Time is the one commodity that seems to always go up in value no matter what. As buys professionals, time management is one of the ‘X-factors’ that can take a good resource and turn them into a great resource. We all say that time management is important, and it is, but time management techniques (and measures of success) vary from role to role when it comes to project execution. For this post I thought I’d share a little of my thoughts on what a successful time management strategy is from a project manager’s perspective.

 

Daily Plans

We’ve all heard of the daily to-do lists that we should always prepare. The checklist of what we want to achieve that day that 80% of the time never gets done as planned. So what can you do differently? Well, being a great project manager, you should be developing a plan on how you’re going to achieve your list (i.e. your scope) in the time you have to dedicate to it. Here’s a strategy that I use to build my daily plans

  1. Look at the time (hours) you have to dedicate to your tasks. Being a busy project manager, your day is going to be scattered with meetings. Subtract the meeting time, plus the prep and post work you need to do in order to get the available time you will have to work on your tasks

  2. You should be able to understand the time needed to complete the items on your checklist. Take the time you have available to you to work on your tasks and determine what you can achieve with that time. Like we tell our project teams when estimating – be realistic with what you feel you can achieve. As pressure mounts, there is a natural tendency to try to achieve more with less (time) and that usually results in substandard quality being delivered. 

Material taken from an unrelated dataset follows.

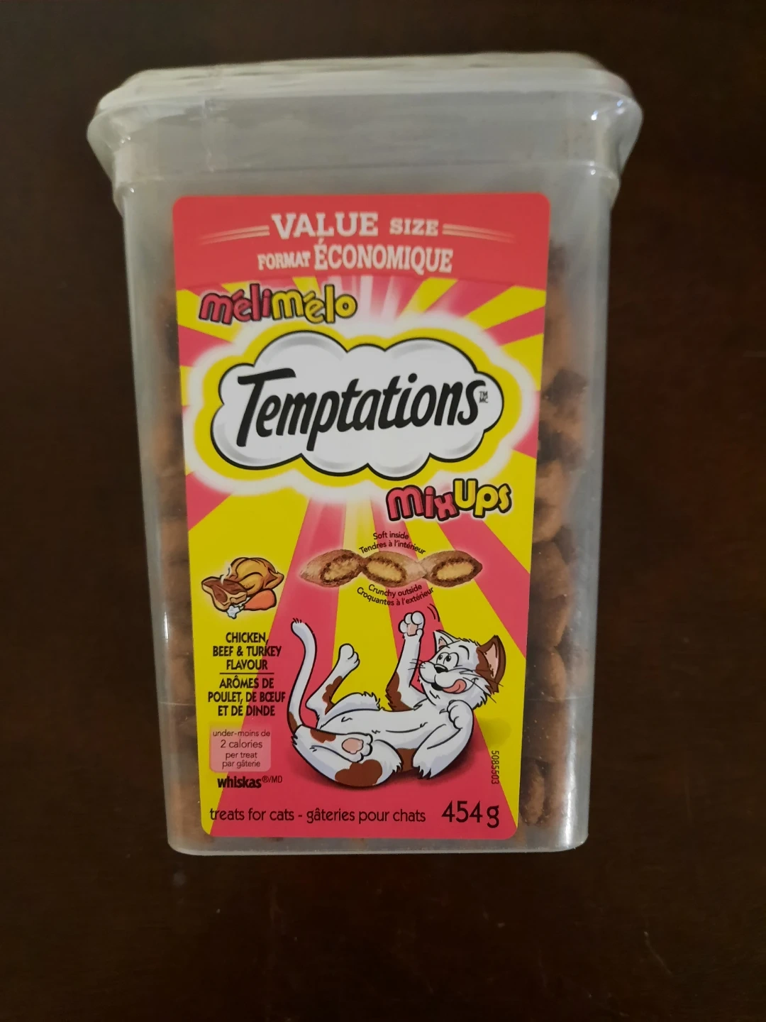This value size container holds Temptations MixUps cat treats. It's a chicken, beef & turkey flavour with soft inside and crunchy outside. These treats are under 2 calories per treat!

  3. Examine the priority of your tasks. Know what absolutely has to be done first/today and put that to the top of your list, knowing the time you have to dedicate to it. Is it a type of task that requires an extended period of focus (i.e. not something that can be done in several 30-minute chunks of time)? If so, make sure you block off your calendar accordingly.

  4. Set mini-deadlines (i.e. time of day) for when you feel you can feasibly achieve the results that your plan is calling for.

Once you have your plan set, it boils down to focus, disciplined execution and ensuring that you do everything you can to stick to your plan. Things will come up, it’s important to understand that if you need to alter your plan that you go through your planning steps again to make sure that you’re working on your tasks in an organized fashion to get the results you need to be successful in your day.